Coaching Azerbaijani language fashions on Amazon SageMaker AI

by root May 31, 2026

written by root May 31, 2026 0 comment 43 views

This resolution builds on open supply instruments together with PyTorch, Hugging Face Transformers, and Liger Kernels. The authors would additionally wish to thank Aiham Taleb, Arefeh Ghahvechi, Manav Choudhary, Rohit Thekkanal, Daz Akbarov, Jamila Jamilova, Ross Povelikin, Almas Moldakanov, Christelle Xu, and Ivan Khvostishkov for his or her contributions in making this challenge attainable.
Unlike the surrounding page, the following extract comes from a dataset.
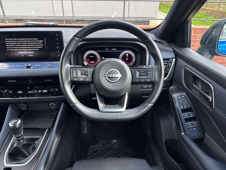 This 2023 Nissan Qashqai DIG-T Tekna presents an exceptional opportunity with its remarkably low mileage of just 17227 miles. This Euro 6 compliant 1.3L Petrol Hybrid model combines efficiency with a premium Tekna trim, offering a sophisticated driving experience. You'll appreciate the convenience of front and rear parking sensors, complete with parking assistance, and the added safety of Intelligent Blind Spot Intervention. Stay connected and entertained with wireless Apple CarPlay and Bluetooth with audio streaming, while the Heat Pack ensures comfort with heated seats and a heated steering wheel, perfect for any journey.The Qashqai DIG-T Tekna stands out with its low insurance group, making it an economical choice for many drivers. Furthermore, its generous boot space provides ample room for shopping, luggage, or equipment, highlighting its practicality for everyday life and adventures. These features collectively demonstrate how this Qashqai offers superior value and capability compared to other vehicles in its class..

Azercell Telecom LLC, Azerbaijan’s main telecommunications supplier, wished to construct an Azerbaijani massive language mannequin (LLM) on Amazon SageMaker AI for telecom use circumstances and a customer-facing chatbot. The problem: adapting basis fashions (FMs) to a morphologically wealthy language with restricted coaching information and no current blueprint for environment friendly LLM coaching in Azerbaijani. In a six-week collaboration, Azercell labored with the AWS Generative AI Innovation Middle to ascertain a production-ready framework on Amazon SageMaker AI that delivered a 23% greater coaching throughput and 58% decrease peak GPU reminiscence utilization by kernel-level optimizations on an ml.p5.48xlarge occasion. The framework additionally achieved a 2× enchancment in tokens per phrase utilizing a customized tokenizer, successfully doubling the quantity of Azerbaijani textual content that matches throughout the mannequin’s context window. Should you work with low-resource or morphologically complicated languages, this publish walks by the method so you possibly can consider related strategies.

Resolution overview

The framework implements three sequential levels, every producing artifacts that feed the subsequent.

Stage 1: Tokenizer improvement builds an environment friendly tokenizer for Azerbaijani. We evaluated three approaches (baseline English-optimized tokenizers, vocabulary extension, and customized monolingual tokenizers) measuring encoding effectivity by standardized metrics. The customized monolingual tokenizer achieved the strongest outcomes, halving the tokens per phrase in comparison with the baseline.
Stage 2: Continued pre-training (CPT) adapts an FM (Llama 3.2 1B) to grasp Azerbaijani utilizing distributed coaching and Liger Kernel optimizations on Amazon SageMaker AI coaching jobs. This permits for bigger batch sizes and better throughput on the identical {hardware}. Whereas distributed coaching wasn’t required for this 1B-scale proof-of-concept, it will likely be important as Azercell scales to bigger fashions.
Stage 3: Supervised fine-tuning with Low-Rank Adaptation (LoRA) transforms the pre-trained mannequin right into a conversational assistant. After CPT, the mannequin can predict Azerbaijani tokens however can’t interact in dialogue. Stage 3 applies LoRA, a parameter-efficient fine-tuning technique that considerably reduces trainable parameters.

The coaching levels (CPT and LoRA fine-tuning) had been run as Amazon SageMaker AI coaching jobs launched from Amazon SageMaker Unified Studio, every pointing to a customized coaching script. Every job provisions recent Amazon Elastic Compute Cloud (Amazon EC2) cases and terminates after completion, so that you pay just for precise compute time with no idle cluster price.

The next diagram illustrates the modular structure, the place every stage may be optimized independently. Tokenizer enhancements profit each subsequent coaching stage, and CPT configurations switch throughout fine-tuning duties.

Determine 1. The coaching pipeline structure. Operators launch coaching jobs from Amazon SageMaker AI Pocket book Cases. Coaching information and mannequin artifacts are saved in Amazon Easy Storage Service (Amazon S3). Coaching metrics are tracked with TensorBoard in Amazon SageMaker AI, and system metrics are captured by Amazon CloudWatch.

Creating an Azerbaijani tokenizer

Languages like Azerbaijani are morphologically wealthy, with single phrases encoding grammatical that means by suffixes that English would categorical utilizing a number of phrases. Nevertheless, customary English-optimized tokenizers fragment these complicated phrase kinds. For instance, splitting “kitablardan” (that means from the books) into a number of subword tokens as illustrated in Determine 2, which reduces the precise content material that matches inside a fixed-size context window.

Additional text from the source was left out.